Тощие матросы переглядывались и весело хихикали, видя, что кровь Коллинза заливает пол ангара.
— Да! Да! — второй подпрыгивал в восторге, будто танцуя.
— Выпустим его? — игриво спросил второй, кивая на один из контейнеров.
— Естественно! — улыбнулся первый.
Картинно, словно актёры на сцене, они подбежали к контейнеру и театрально его открыли.
— Кэ-э-э-эп, — протянул матрос, разглядывая коробки с едой. — Пора вставать, кэп!
В воздухе перед стопками упаковок стала сгущаться тьма. Темнота выползала из ниоткуда, становясь плотнее и весомее, будто чернильные пятна сливались воедино, — образуя высокий силуэт в длинном плаще. От плеч к рукавам спускались ряды не то перьев из ткани, не то изогнутых шипов. На руках были чёрные перчатки, а за головой поднимался высокий воротник. Человек носил глухой, абсолютно безликий шлем, в золотистой поверхности которого отражались стенки контейнера и лампы ангара. И двое матросов, освободивших его.
Человек в шлеме неспешно вышел из контейнера. Подошвы его чёрных сапог звонко стучали по металлическому полу, а плащ плавно реял за спиной, словно воплощённая тень. Он развёл руки в стороны, и из-под безликой маски раздался низкий, приглушённый голос:
— Великолепно.
— Я знал, что вам понравится, кэп! — поддакнул матрос.
Незнакомец опустил голову, глядя на тело, распластанное у деревянных ящиков, и на лужу крови под трупом.
— Вы определённо меня не разочаровали.
— Что дальше, кэп? — записклявил другой матрос.
Человек в маске сказал только одно слово:
— Вперёд.
Матросы суетливо похватали автоматы со стоек, и все трое оставили ангар.
Он ждал.
Ждал, когда автоматические двери раскроются.
Ожидание длилось вечность.
Нет, больше.
Но наконец послышалось оно — сладостное шипение, которое предвещало скорую гибель всех имперцев в коридоре.

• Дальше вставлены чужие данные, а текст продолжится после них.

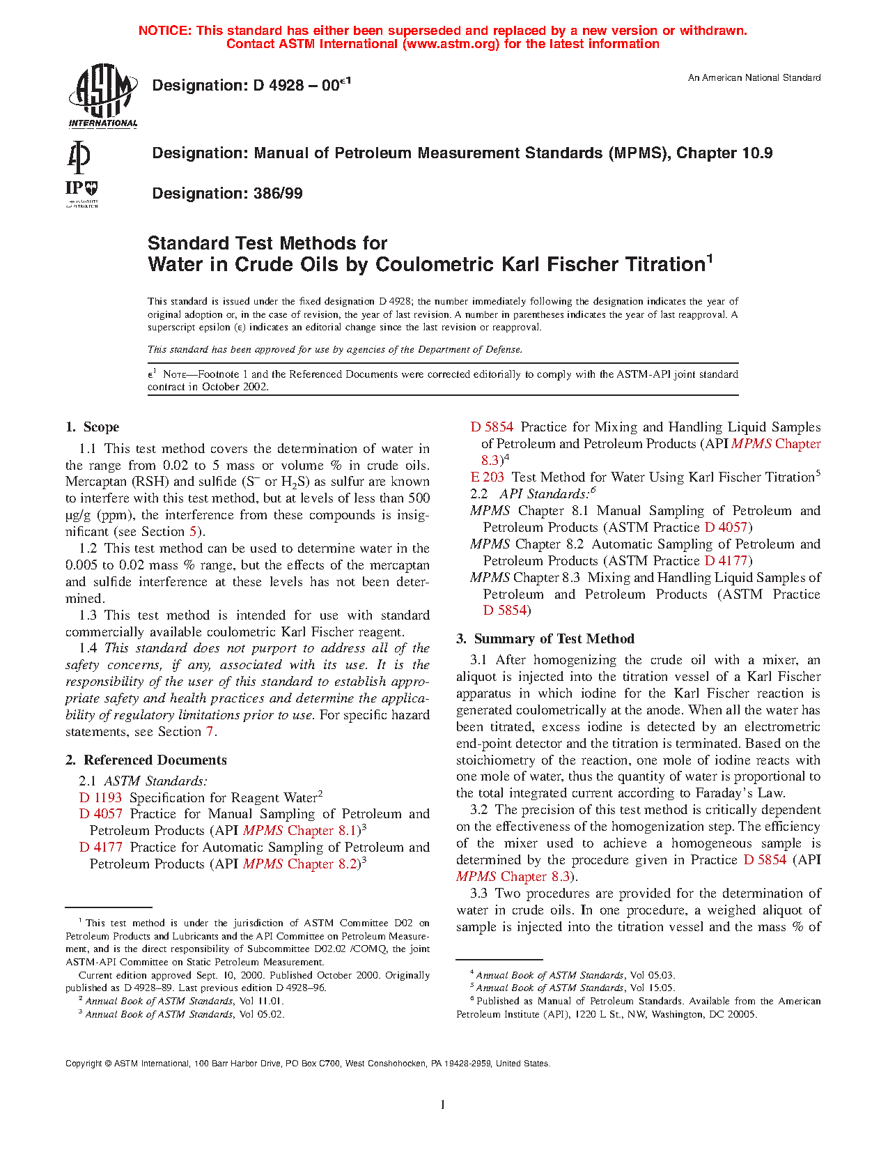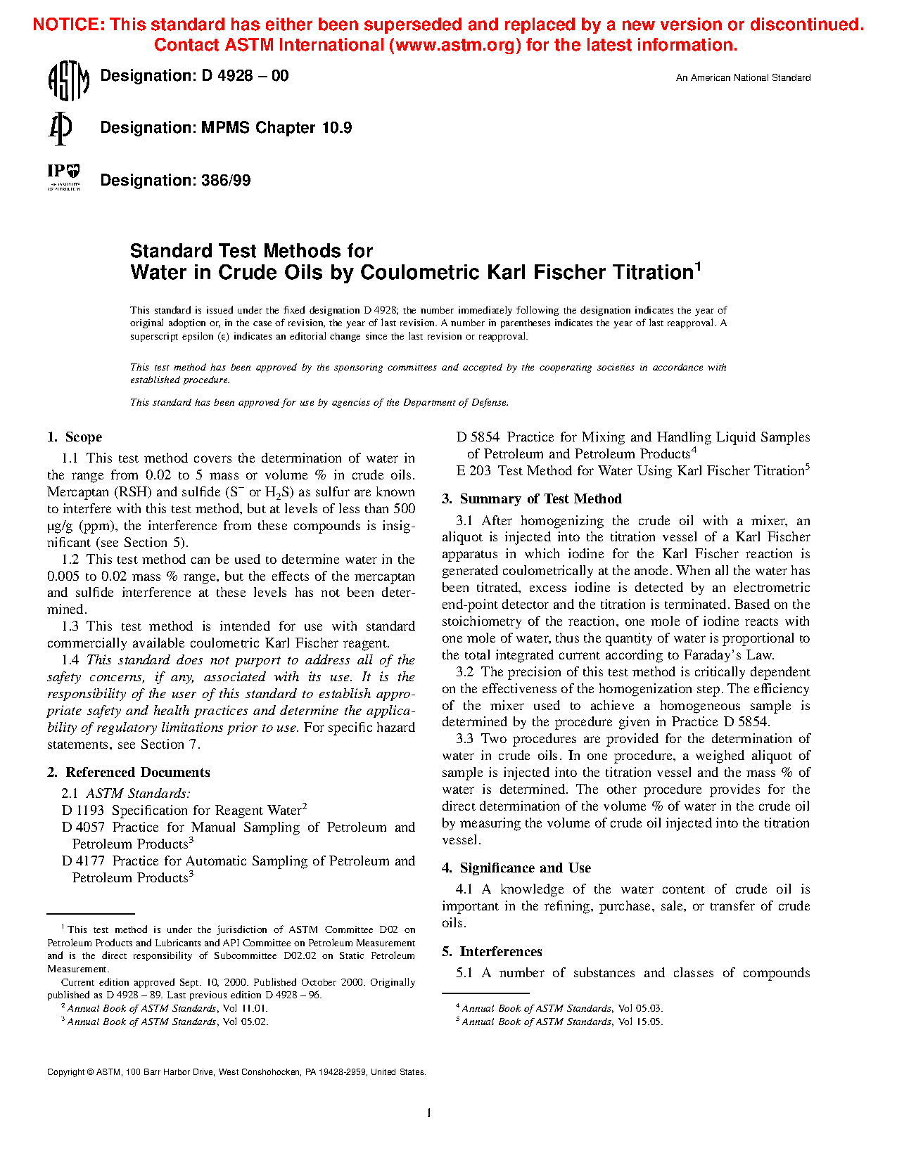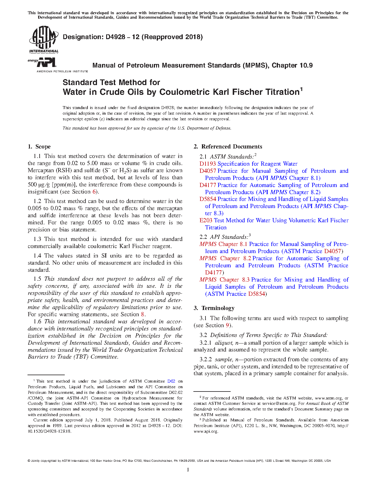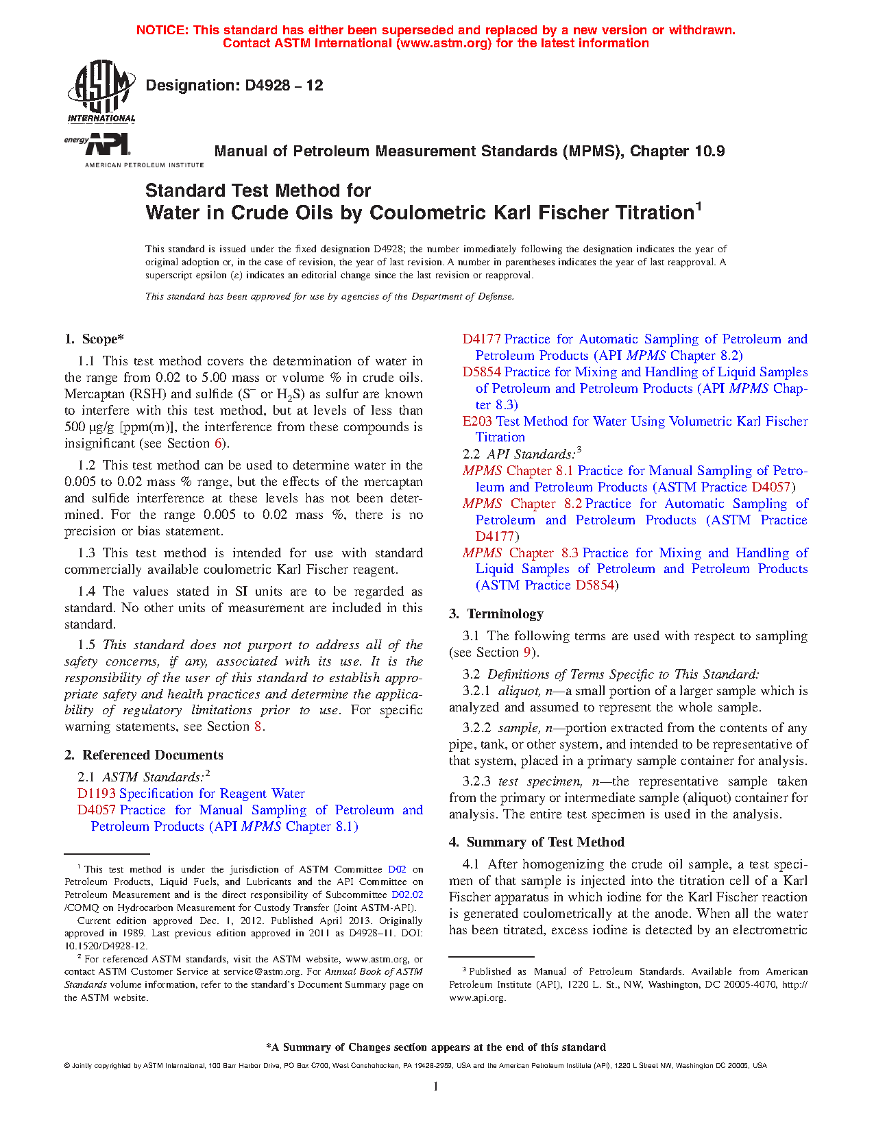 1.1 This test method covers the determination of water in the range from 0.02 to 5 mass or volume % in crude oils. Mercaptan (RSH) and sulfide (S− or H2S) as sulfur are known to interfere with this test method, but at levels of less than 500 μg/g (ppm), the interference from these compounds is insignificant (see Section 5).
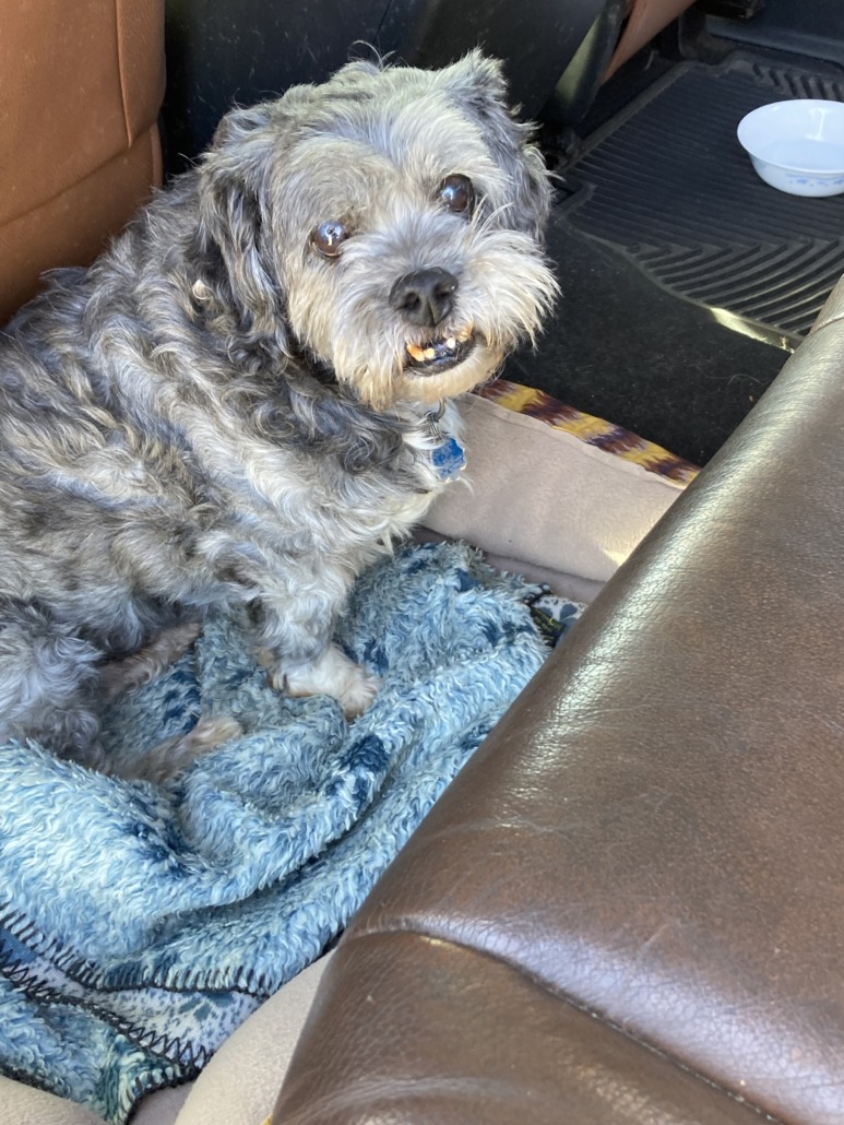 16 year old Pekingese / Shihtzu mix. Cataract n right eye, hard of hearing. weak back legs. I let him out into the back yard to use the bathroom.

Двери распахнулись. Он шагнул, и ткань плаща вздыбилась волнами. У маски не было глаз, но сенсоры проецировали изображение на внутреннюю сторону. Он видел матросов в простой чёрной одежде и мичманов в выглаженной тёмно-синей форме. И всех ненавидел. Он чувствовал пустоту. Ледяную, жестокую, словно вакуум космоса — нет, стократ хуже. Вокруг ничего не было, кроме этой ужасной пустоты, а ещё тьмы, холода и ненависти. Ненависть… Она была его проклятьем — и его топливом. Он испытывал страстное желание, стремление уничтожить. Оно было настолько сильным, что он даже забыл, кем был когда-то. Но понимал, что эта разрушительная мощь — неотъемлемая и даже главная его часть. Его сущность.
— Кто ты, змей побери?
— Что происходит?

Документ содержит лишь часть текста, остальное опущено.